Accepted submission by takyon at 2018-02-28 23:17:58
Science

The Experiment to Detect Global EoR Signature [wikipedia.org] (EDGES) has found evidence of the universe's first stars [latimes.com] by detecting an absorption feature at 78 MHz (redshifted from 1.42 GHz [wikipedia.org]). In a second paper, the astronomers say that "this absorption can be explained by the combination of radiation from the first stars and excess cooling of the cosmic gas induced by its interaction with dark matter":

Using a deceptively simple antenna roughly the size and shape of a dinner table, radio astronomers have made an unprecedented discovery: telltale fingerprints from the earliest stars in the cosmos, pressed into the afterglow of the universe's birth. That signal, imprinted more deeply into the Big Bang's afterglow than scientists expected, could reveal much about the universe's youth and hint at the nature of dark matter, that mysterious substance that far outweighs all the normal matter in existence.
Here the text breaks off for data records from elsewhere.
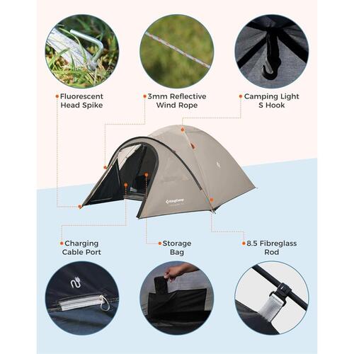 High-quality fibreglass poles (8.5mm) + reinforced wind ropes withstand even gusts. PU3000mm water column + PE floor with raised seams: it stays dry inside in heavy rain. The window design with PVC viewing window allows visual contact with the outside - perfect for checking the weather without leaving the tent.
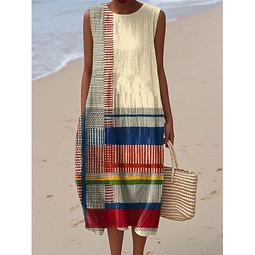 Per donna Abito Midi Vestito Estivo Abito a Tubino Abito a trapezio Vacanza Casual Boho Uscire Spiaggia Vestibilità comoda Grafico Geometrico Senza Maniche Girocollo Grigio verde Nero Rosa Cachi
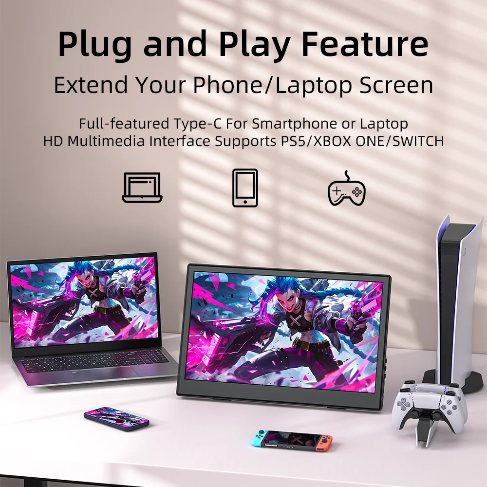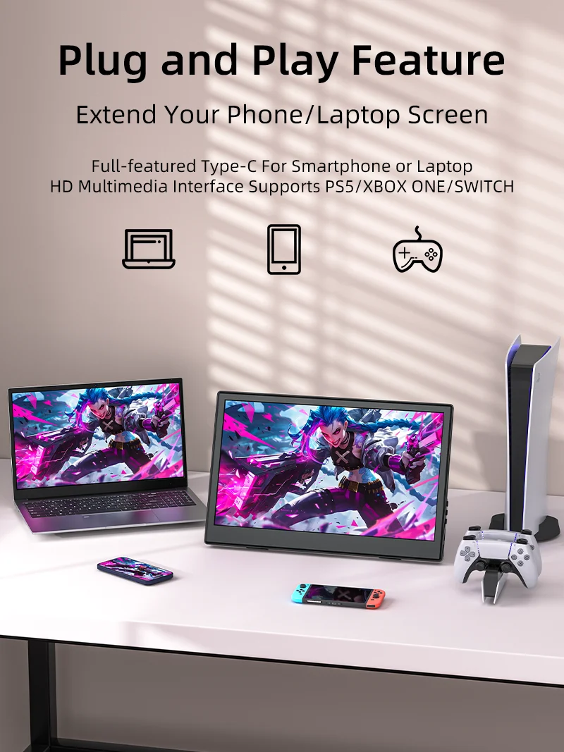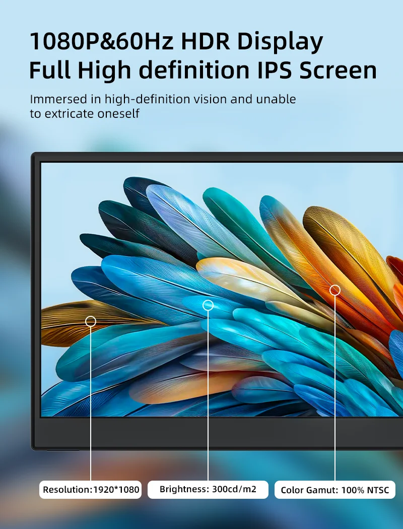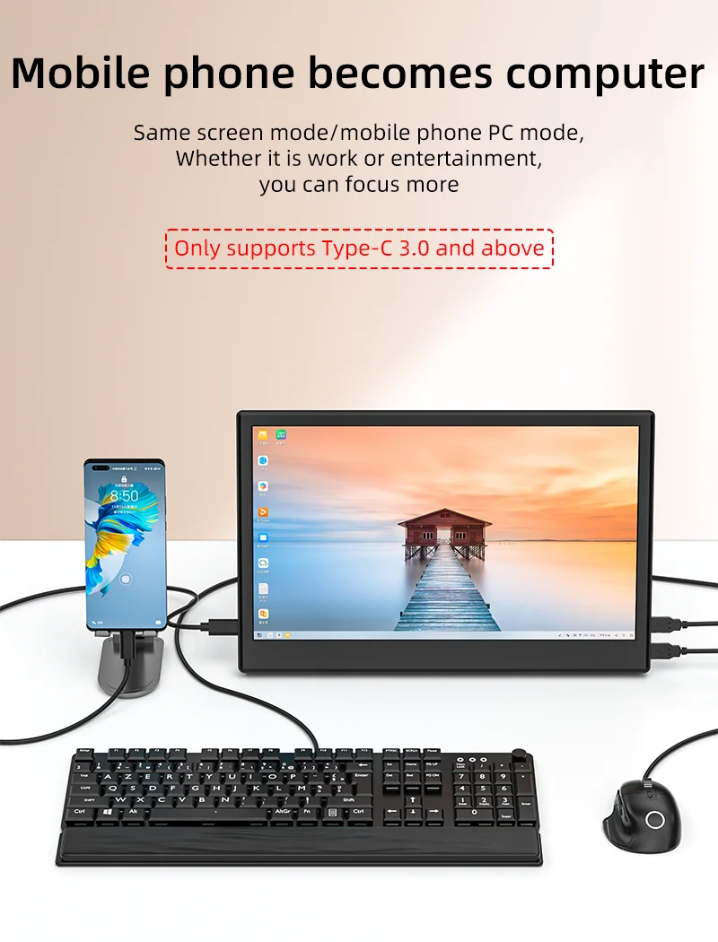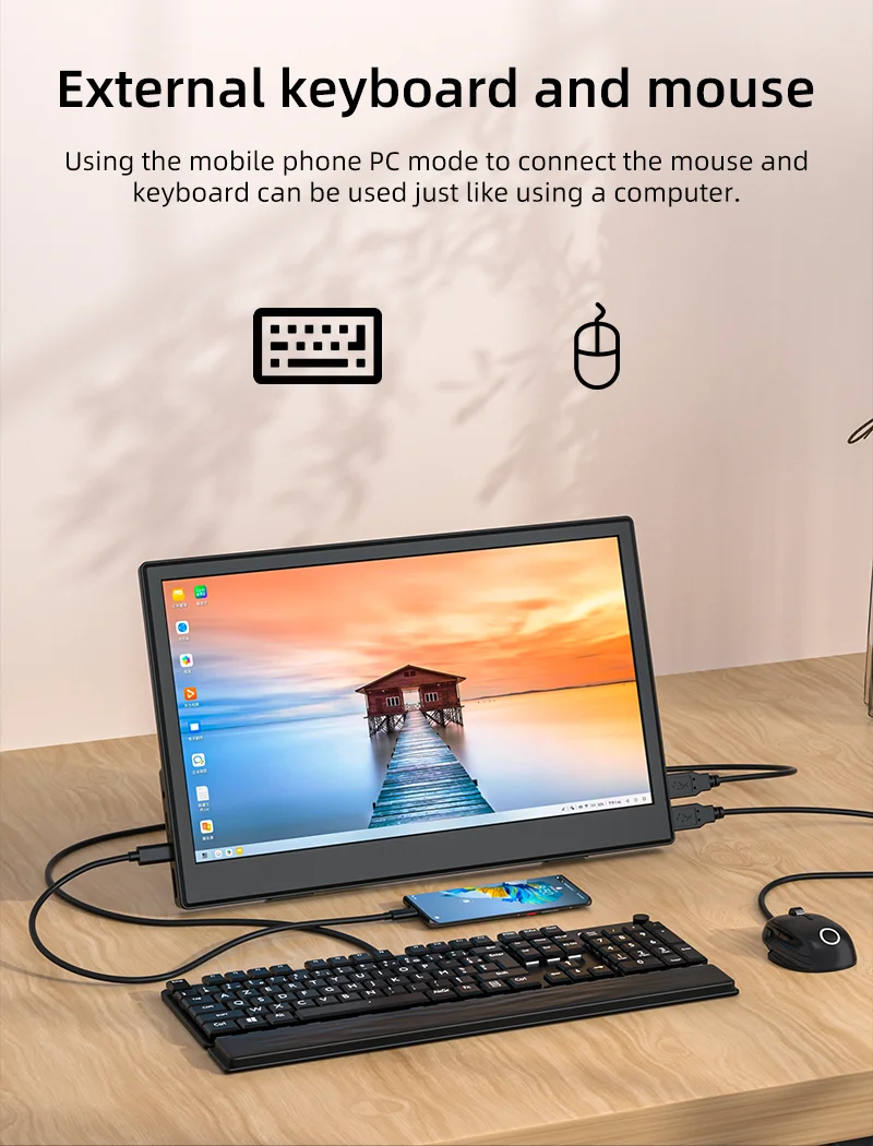 이 15.6인치 휴대용 모니터는 매우 편리할 뿐만 아니라 활용도도 뛰어납니다.2개의 USB 포트를 갖추고 있으며 외부 키보드, 마우스 및 기타 주변 장치를 지원하므로 사무실에서 보다 효율적인 작업에 기여합니다.휴대폰을 연결하면 휴대폰 화면을 PC 모드로 전환하고 멀티태스킹을 쉽게 수행하며 업무 효율성을 높일 수 있습니다.특히 집 밖에서 일해야 하거나 자주 다른 위치를 전환해야 하는 사용자에게 적합합니다.

The findings [nature.com] [DOI: 10.1038/nature25792] [DX [doi.org]] and the theoretical work [nature.com] [DOI: 10.1038/nature25791] [DX [doi.org]] describing dark matter's potential role, described in two papers in the journal Nature, excited theoretical and experimental physicists alike.

"To my mind ... it's Nobel Prize-worthy twice, if it's real," said Avi Loeb, a Harvard University theoretical astrophysicist who was not involved in the research. "Not only did they detect the signal, but it actually is bigger than one can accommodate in the standard cosmological model. And you need new physics in order to explain a signal as big as they detected."

The first (short-lived) stars formed around 180 million years after the Big Bang.

Also at Ars Technica [arstechnica.com], Sky & Telescope [skyandtelescope.com], and The Verge [theverge.com].